Да, нечего. Видимо, мне нечего делать там, где работает Геббельс.
Геббельс восседал в благоухающей клумбе прекрасных дам – Хелен Ханфштенгль, молоденькие Гели и Фридль Раубаль, которые приехали из Вены, какая-то неясная, но прелестная, тоненькая и кареглазая, словно олененок, девчушка, которую притащил Лей – как ее, Господи, Катрин, что ли – и Эльза Гесс, что сидела чуть поодаль. Да, и Адольф. Эльза единственная из всех производила вменяемое впечатление – остальные, включая Адольфа, таращились на Геббельса, травящего байки, с восхищением, словно школьницы на любимого актера. Эльза тоже смотрела на него, улыбалась шуткам, но – Эрнст с тоскою наблюдал за ней, ибо на Хелен ему было смотреть противно – каждый миг видела, где ее Рудольф, чем он занят и какое у него выражение лица. Повезло тебе, Руди…
Был еще где-то тут фон Ширах – но провалился куда-то. Видно, уехал домой. И совершенно правильно сделал – от Геббельса и башка может заболеть.
Эрнсту надоело играть на рояле – все равно, кроме Лея, слушать было некому, к тому же Лея он, как выяснилось, усыпил. Тот тихо посапывал, оттопырив нижнюю губу. Вот, черт, подумал Эрнст с досадой, я уже и играть так стал, что люди засыпают!.. Он поднялся, присел на диванчик рядом со спящим Леем и, забывшись, сунул в рот сигарету, щелкнул зажигалкой.
Геббельс вдруг умолк, и Эрнст услышал голос Адольфа – пока еще не раздраженный:
– Пуци, это что такое?..
– Что?..
– Ты, по-моему, куришь?..
– Извините. Я задумался, – Эрнст резко поднялся и ушел на террасу.
Он почти докурил, когда почувствовал легкое прикосновение к рукаву.

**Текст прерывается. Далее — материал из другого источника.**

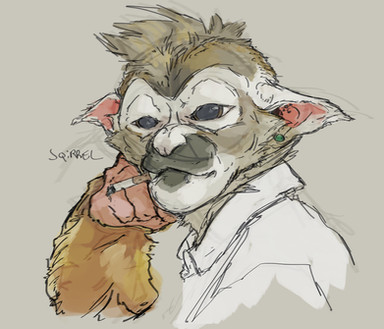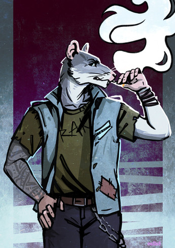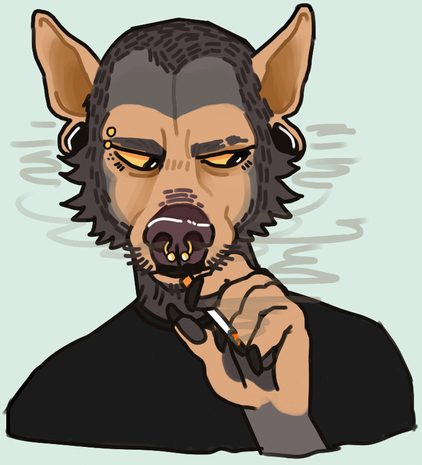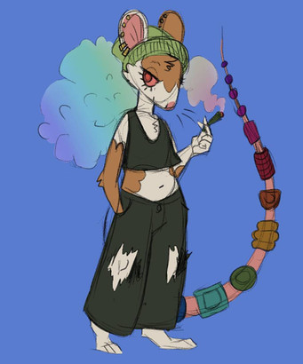 Just Wisconsin taking a smoke break.[image description: an anthropomorphic mouse leaning against a wall and smoking. They have light brown fur, are wearing a stained white tank top with brown pants, and yellow glasses.]

– Пуци, – на него тревожно смотрели ясные глазки Гели, – что с тобой?
– Ничего. Башка трещит. Беги, беги скорее, пока Адольф не потерял…
Гели очень любила Пуци – он был одним из немногих, кто всегда принимал ее всерьез. Он сам попросил ее звать его «на ты» и вел себя с нею, как с младшей сестренкой, абсолютно не держа той дистанции, которую навязывал Адольф всем, кто общался с Гели. Пуци спокойно мог обнять девчушку, перенести ее на руках через трудную насыпь на пикнике в горах, заехать за ней и увезти на весь вечер слушать оперу… Гели ему первому, отчаянно стесняясь, поведала о своем желании заниматься оперным пением, и он прослушал ее, аккомпанируя на рояле. Гели покраснела и чуть не плакала.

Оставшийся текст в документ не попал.